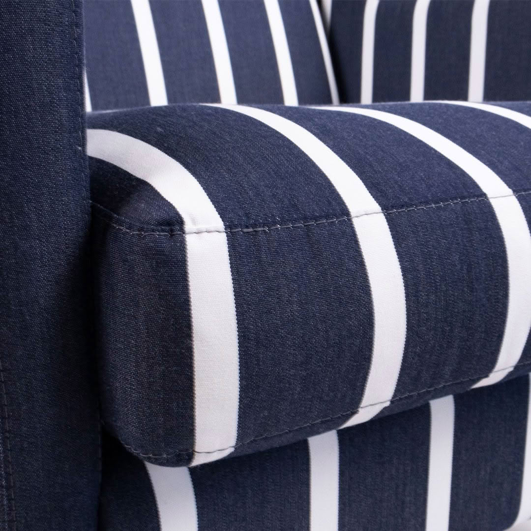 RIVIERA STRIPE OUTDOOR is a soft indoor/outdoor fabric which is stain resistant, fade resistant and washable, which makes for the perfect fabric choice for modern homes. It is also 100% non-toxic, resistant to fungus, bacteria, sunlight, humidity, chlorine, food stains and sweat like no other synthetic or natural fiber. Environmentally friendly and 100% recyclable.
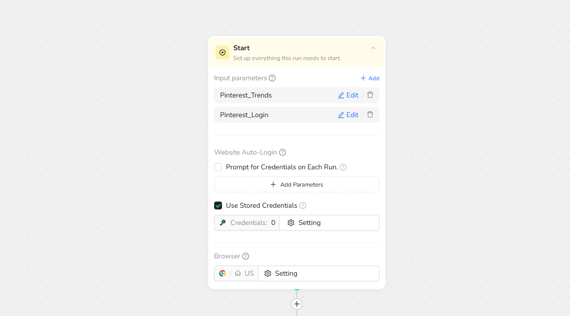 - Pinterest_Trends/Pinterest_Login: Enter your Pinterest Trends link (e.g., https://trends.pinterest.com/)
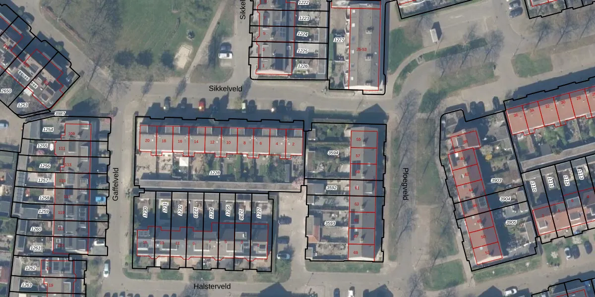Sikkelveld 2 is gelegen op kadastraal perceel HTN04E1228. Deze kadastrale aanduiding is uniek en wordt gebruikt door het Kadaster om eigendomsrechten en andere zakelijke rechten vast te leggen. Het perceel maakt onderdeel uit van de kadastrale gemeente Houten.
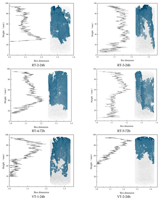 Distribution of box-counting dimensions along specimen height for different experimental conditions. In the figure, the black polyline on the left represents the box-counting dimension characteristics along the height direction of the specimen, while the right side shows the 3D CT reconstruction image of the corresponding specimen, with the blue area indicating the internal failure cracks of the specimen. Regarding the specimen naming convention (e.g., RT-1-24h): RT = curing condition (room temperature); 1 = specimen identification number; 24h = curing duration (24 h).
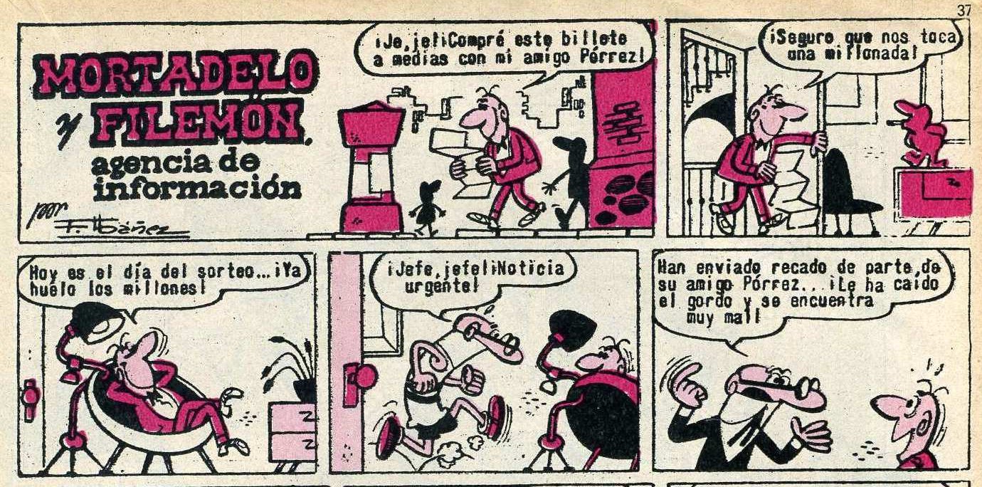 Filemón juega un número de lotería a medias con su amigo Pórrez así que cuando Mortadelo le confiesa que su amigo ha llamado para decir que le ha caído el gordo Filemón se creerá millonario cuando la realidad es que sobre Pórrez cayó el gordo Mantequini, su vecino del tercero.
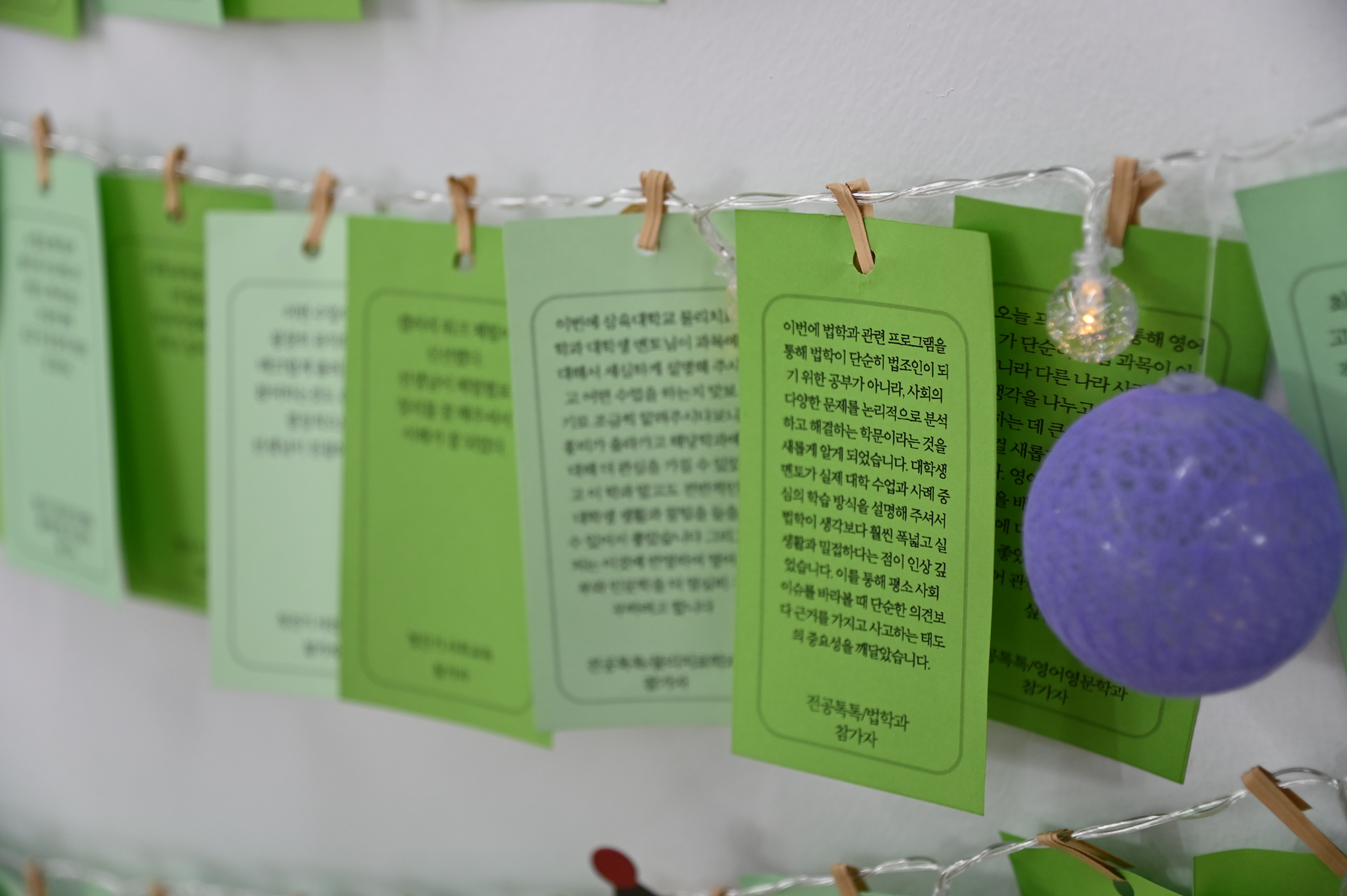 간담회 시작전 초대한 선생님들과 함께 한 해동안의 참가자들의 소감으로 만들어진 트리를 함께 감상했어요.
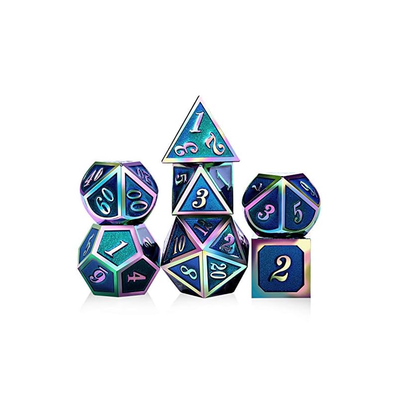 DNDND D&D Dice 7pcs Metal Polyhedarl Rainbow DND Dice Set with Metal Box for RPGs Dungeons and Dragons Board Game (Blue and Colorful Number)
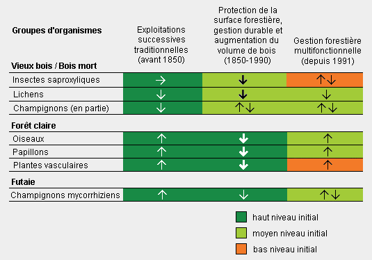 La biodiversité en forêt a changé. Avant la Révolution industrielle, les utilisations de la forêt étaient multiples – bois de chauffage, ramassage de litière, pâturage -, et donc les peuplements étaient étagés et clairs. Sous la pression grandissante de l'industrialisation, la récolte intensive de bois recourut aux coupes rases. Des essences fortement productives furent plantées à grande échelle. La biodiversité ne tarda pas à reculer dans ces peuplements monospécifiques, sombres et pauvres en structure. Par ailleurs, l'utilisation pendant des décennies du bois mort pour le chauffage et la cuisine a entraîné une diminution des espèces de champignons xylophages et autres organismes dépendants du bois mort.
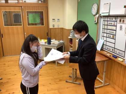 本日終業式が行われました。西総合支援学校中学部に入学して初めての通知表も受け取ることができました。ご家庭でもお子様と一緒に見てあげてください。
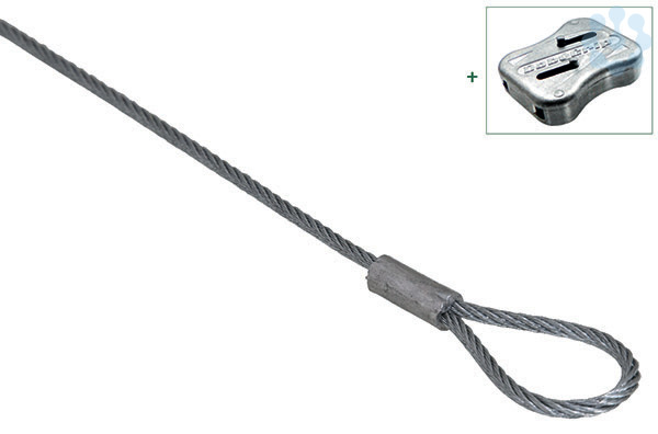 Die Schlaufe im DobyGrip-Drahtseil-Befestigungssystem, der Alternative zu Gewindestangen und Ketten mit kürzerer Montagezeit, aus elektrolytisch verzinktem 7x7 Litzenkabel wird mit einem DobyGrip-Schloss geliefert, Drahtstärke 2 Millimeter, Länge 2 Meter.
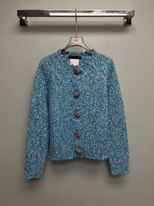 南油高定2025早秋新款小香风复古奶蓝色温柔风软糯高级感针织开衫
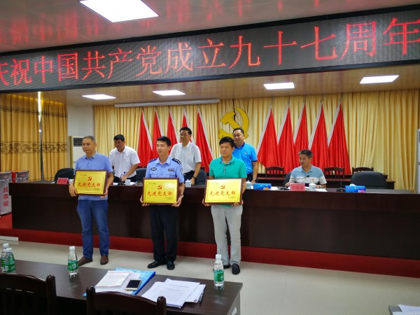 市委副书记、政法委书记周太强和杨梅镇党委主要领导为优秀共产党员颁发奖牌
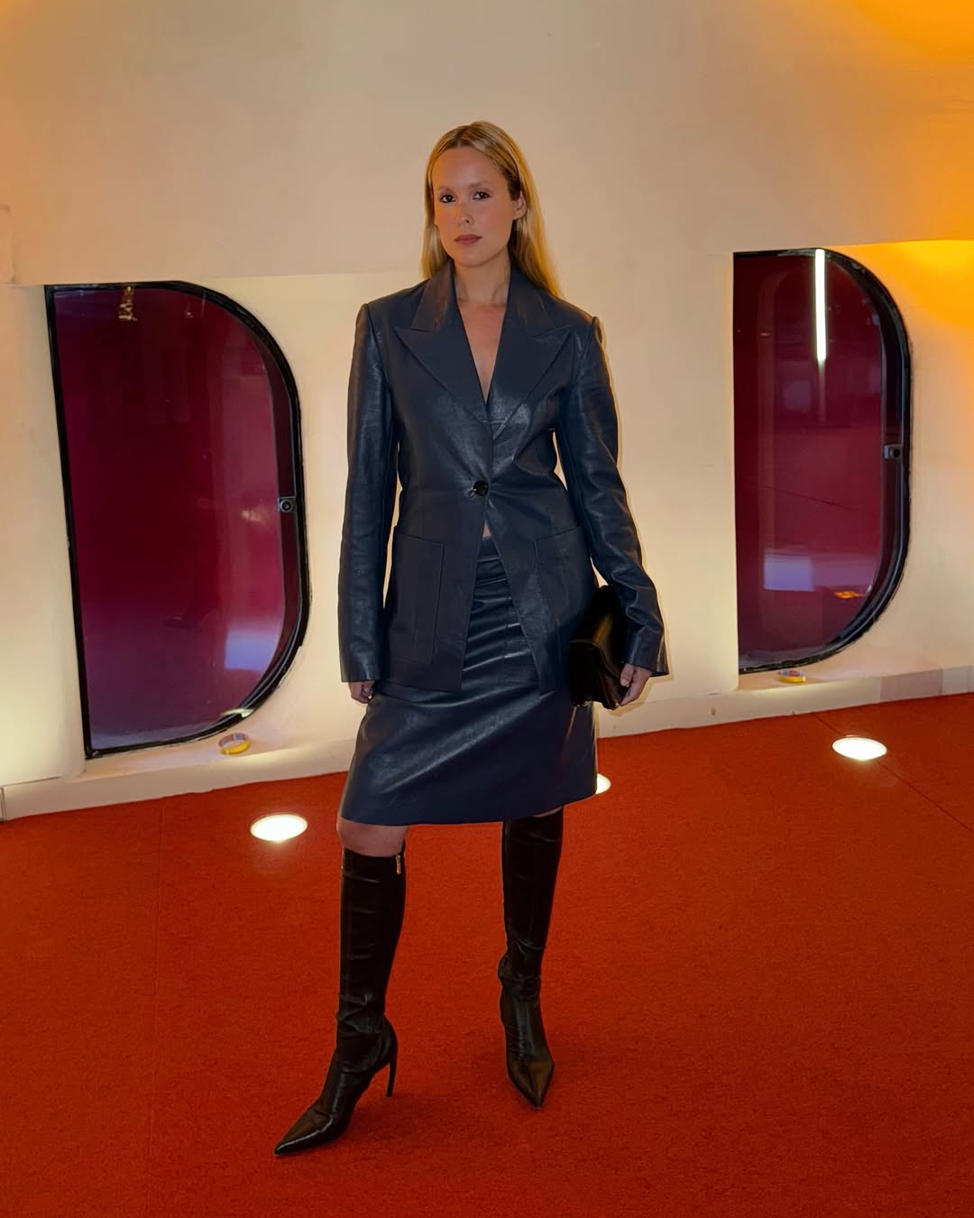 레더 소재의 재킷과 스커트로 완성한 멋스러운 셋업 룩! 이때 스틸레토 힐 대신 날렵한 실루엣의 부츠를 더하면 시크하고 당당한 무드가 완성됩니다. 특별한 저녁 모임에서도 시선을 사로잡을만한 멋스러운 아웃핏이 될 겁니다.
● ● ● ●
Activity = Everything in the data above, apart from the pictures, should be retyped exactly.

Result of the task =
 RIVIERA STRIPE OUTDOOR is a soft indoor/outdoor fabric which is stain resistant, fade resistant and washable, which makes for the perfect fabric choice for modern homes. It is also 100% non-toxic, resistant to fungus, bacteria, sunlight, humidity, chlorine, food stains and sweat like no other synthetic or natural fiber. Environmentally friendly and 100% recyclable.
 - Pinterest_Trends/Pinterest_Login: Enter your Pinterest Trends link (e.g., https://trends.pinterest.com/)
Sikkelveld 2 is gelegen op kadastraal perceel HTN04E1228. Deze kadastrale aanduiding is uniek en wordt gebruikt door het Kadaster om eigendomsrechten en andere zakelijke rechten vast te leggen. Het perceel maakt onderdeel uit van de kadastrale gemeente Houten.
 Distribution of box-counting dimensions along specimen height for different experimental conditions. In the figure, the black polyline on the left represents the box-counting dimension characteristics along the height direction of the specimen, while the right side shows the 3D CT reconstruction image of the corresponding specimen, with the blue area indicating the internal failure cracks of the specimen. Regarding the specimen naming convention (e.g., RT-1-24h): RT = curing condition (room temperature); 1 = specimen identification number; 24h = curing duration (24 h).
 Filemón juega un número de lotería a medias con su amigo Pórrez así que cuando Mortadelo le confiesa que su amigo ha llamado para decir que le ha caído el gordo Filemón se creerá millonario cuando la realidad es que sobre Pórrez cayó el gordo Mantequini, su vecino del tercero.
 간담회 시작전 초대한 선생님들과 함께 한 해동안의 참가자들의 소감으로 만들어진 트리를 함께 감상했어요.
 DNDND D&D Dice 7pcs Metal Polyhedarl Rainbow DND Dice Set with Metal Box for RPGs Dungeons and Dragons Board Game (Blue and Colorful Number)
 La biodiversité en forêt a changé. Avant la Révolution industrielle, les utilisations de la forêt étaient multiples – bois de chauffage, ramassage de litière, pâturage -, et donc les peuplements étaient étagés et clairs. Sous la pression grandissante de l'industrialisation, la récolte intensive de bois recourut aux coupes rases. Des essences fortement productives furent plantées à grande échelle. La biodiversité ne tarda pas à reculer dans ces peuplements monospécifiques, sombres et pauvres en structure. Par ailleurs, l'utilisation pendant des décennies du bois mort pour le chauffage et la cuisine a entraîné une diminution des espèces de champignons xylophages et autres organismes dépendants du bois mort.
 本日終業式が行われました。西総合支援学校中学部に入学して初めての通知表も受け取ることができました。ご家庭でもお子様と一緒に見てあげてください。
 Die Schlaufe im DobyGrip-Drahtseil-Befestigungssystem, der Alternative zu Gewindestangen und Ketten mit kürzerer Montagezeit, aus elektrolytisch verzinktem 7x7 Litzenkabel wird mit einem DobyGrip-Schloss geliefert, Drahtstärke 2 Millimeter, Länge 2 Meter.
 南油高定2025早秋新款小香风复古奶蓝色温柔风软糯高级感针织开衫
 市委副书记、政法委书记周太强和杨梅镇党委主要领导为优秀共产党员颁发奖牌
 레더 소재의 재킷과 스커트로 완성한 멋스러운 셋업 룩! 이때 스틸레토 힐 대신 날렵한 실루엣의 부츠를 더하면 시크하고 당당한 무드가 완성됩니다. 특별한 저녁 모임에서도 시선을 사로잡을만한 멋스러운 아웃핏이 될 겁니다.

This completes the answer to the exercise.